- Born: New York City, New York, United States
- Education: NYU Film School
- Occupation: Screenwriter

= Stanley Weiser =

American screenwriter

Stanley Weiser is an American screenwriter.

==Biography==
He was born in New York City. His screen credits include Wall Street and W., both directed by Oliver Stone. He also wrote the 20th Century Fox film, Project X. He is credited for creating characters in the sequel to Wall Street: Wall Street: Money Never Sleeps.

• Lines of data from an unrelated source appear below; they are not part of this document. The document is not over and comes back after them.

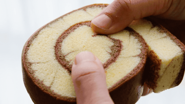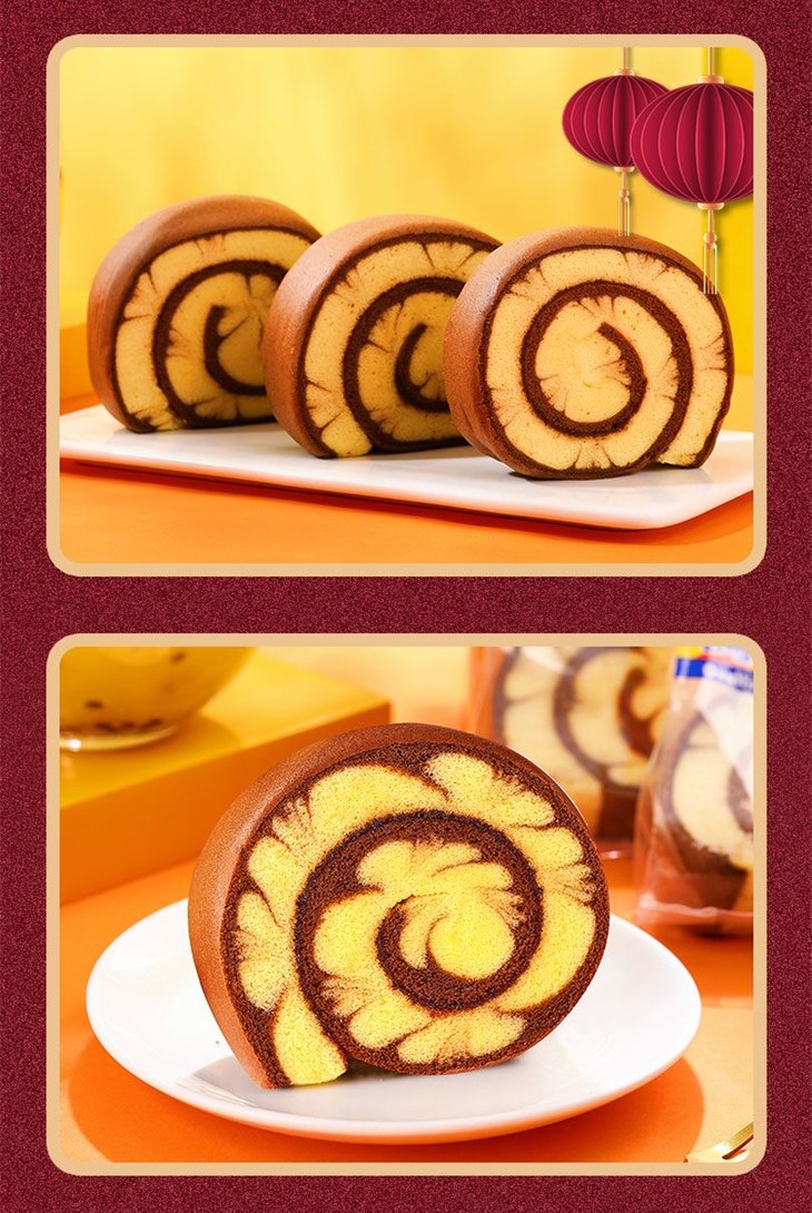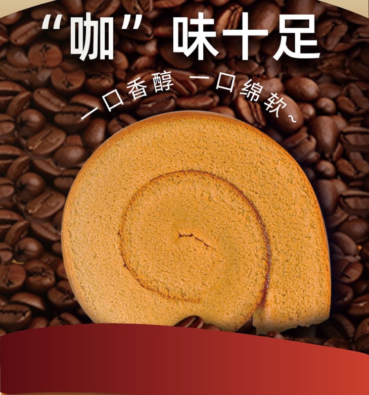 敦实的蛋糕卷个头很大,颜值就很吸引眼球 蛋糕的弹性也棒,轻轻按压回弹感强❗️ 咖啡棕色的蛋糕裙边把奶黄色的蛋糕主体衬托得更为亮丽了✨ 用来当下午茶真的再适合不过啦✌️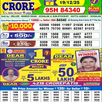 Dear narmada saturday weekly lottery 21.06.25 1pm result June 21, 2025 Leave a Comment on Dear narmada saturday weekly lottery 21.06.25 1pm result Get Instant Results on Whatsapp Related Articles 0 794 Dear mahanadi Thursday weekly lottery 30.1.25 1pm result 0 15 Dear Victory Friday Weekly Lottery 19.12.25 1pm Result 0 67 Dear Godavari Tuesday Weekly Lottery 28.10.25 1pm Result 0 339 Dear Narmada Saturday Weekly Lottery 02.08.25 1pm Result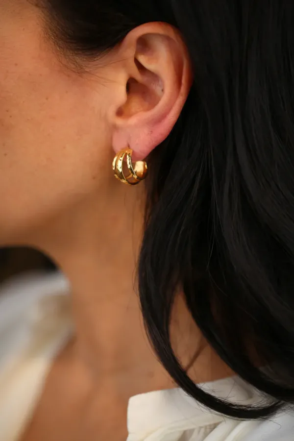 Die Pink Sand Creolen Triple goldig, ist eine wunderschöne, dreifach Creole die sich deinem Look und deinem Style ein sofortiges Up-Grade verleihen. Egal ob für in’s Office, zuhause oder am Abend, diese stilvolle und gleichzeitig super lässige Creole von Pink Sand passt einfach immer! Wunderbar leicht, spürst du diese kaum beim Tragen und sie eignen sich auch perfekt zum Tanzen da sie schön nah am Ohr sitzen und dadurch nicht am Ohr hin- und her schwenken. Ein absolutes Must-Have und Essential für jede Schmuckgarderobe. Genau richtig für alle die zeitlose und gleichzeitig moderne Creolen suchen welche bei jeder Gelegenheit und zu jedem Anlass passen!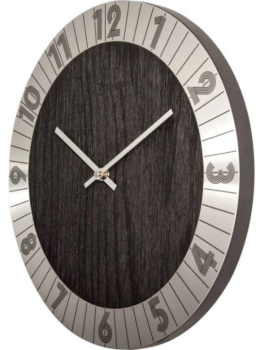 ?Ciferník z černé dýhy v kombinaci se "stříbrným" kovovým rámečkem na ciferníku a kovovými ručičkami.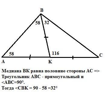 Треугольник ВКС - равнобедренный (ВК = КС - дано). Значит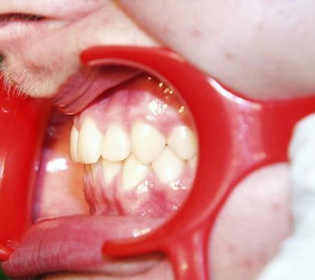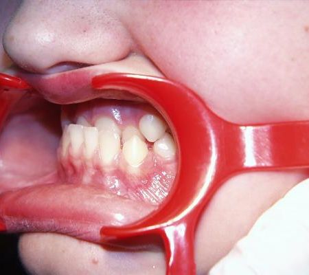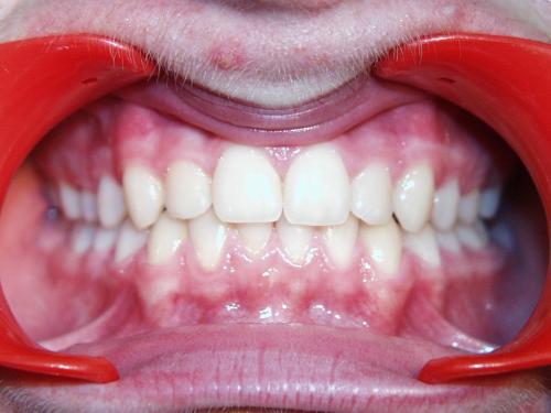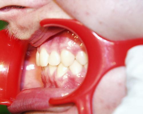 Fallbeispiel 2 zeigt die Überstellung eines umgekehrten Schneidezahnüberbisses mittels einer festsitzenden Zahnspange. Diese Vorgehensweise ist insbesondere dann aussichtsreich, wenn zu Beginn die oberen Schneidezähne steil, die unteren hingegen etwas vorgekippt und nicht verschachtelt stehen. Befindet sich der Patient noch im Wachstum, sollte der Unterkiefer im Verhältnis zum Oberkiefer nicht zu stark vorwachsen. Die Möglichkeiten, das Unterkieferwachstum mit kieferorthopädischen Mitteln zu bremsen, sind sehr begrenzt.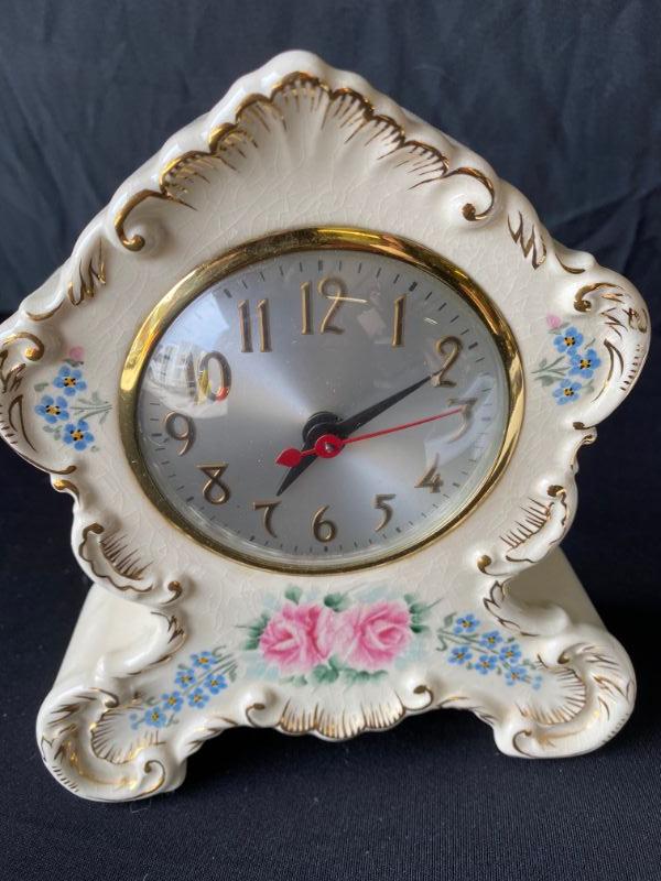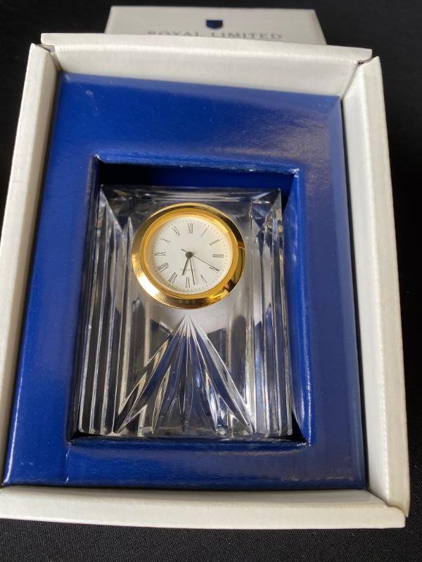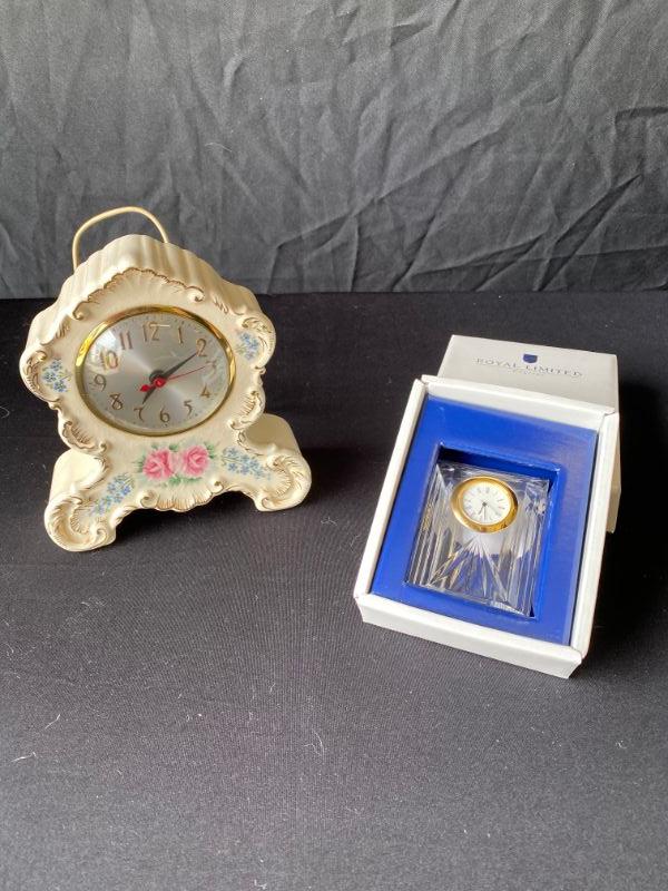Royal Limited Crystal Linear Clock in box and Johnson Hand Decorated Floral Clock (does not work) - Lot 375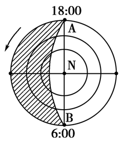 (2)確定地方時(shí)過晨線與赤道交點(diǎn)的經(jīng)線地方時(shí)是6∶00,過昏線與赤道交點(diǎn)的經(jīng)線地方時(shí)是18∶00,如右圖中BN地方時(shí)是6∶00, AN地方時(shí)是18∶00。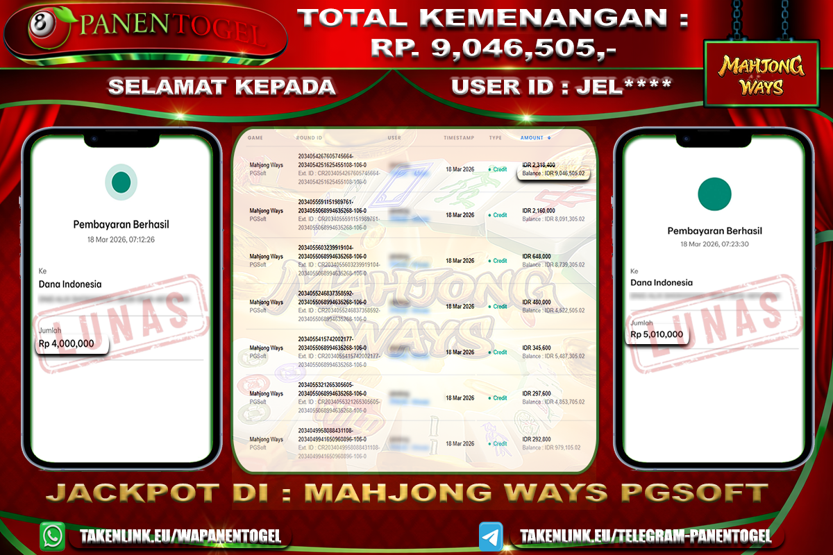 Selamat Kepada User ID : JEL**** Member PANENTOGEL JACKPOT MAHJONG WAYS

He wrote the screenplay for Project X with Matthew Broderick in 1987. Weiser was Oliver Stone's screenwriting partner on the movie Wall Street, released in 1987 and a cult classic. He also helped Stone write the film W in 2008, about the life of US President George Bush. The dialogue was positively received by Roger Ebert for not containing overtly "revisionist history."

Weiser's other projects include two civil rights dramas, developed as feature films, but made for television. Murder in Mississippi, a chronicle of the 1964 Freedom Summer movement and the lives and deaths of Cheney, Schwerner, and Goodman, the three young civil rights workers who were killed by the Ku Klux Klan, which aired on NBC in 1990. Freedom Song, a semi-fictional account of the early SNCC movement in Mississippi, was co-written with Phil Alden Robinson, who also directed.

Weiser also adapted the novel, Fatherland, by Robert Harris, for HBO. He wrote the NBC four-hour mini-series Witness to the Mob in 1998, which was produced by Robert De Niro.

In 2013, it was reported he'd optioned the novel Three Graves Full and intended to write the script.

==Personal life==
He is married and lives in Santa Monica, California. He is a founding member of the West Los Angeles Shambhala Buddhist Meditation Center.

==Filmography==
- Street Scenes 1970 (1970)
- Coast to Coast (1980)
- Project X (1987)
- Wall Street (1987)
- Murder in Mississippi (1990)
- Fatherland (1994)
- Witness to the Mob (1998)
- Freedom Song (2000)
- Rudy: The Rudy Giuliani Story (2003)
- W. (2008)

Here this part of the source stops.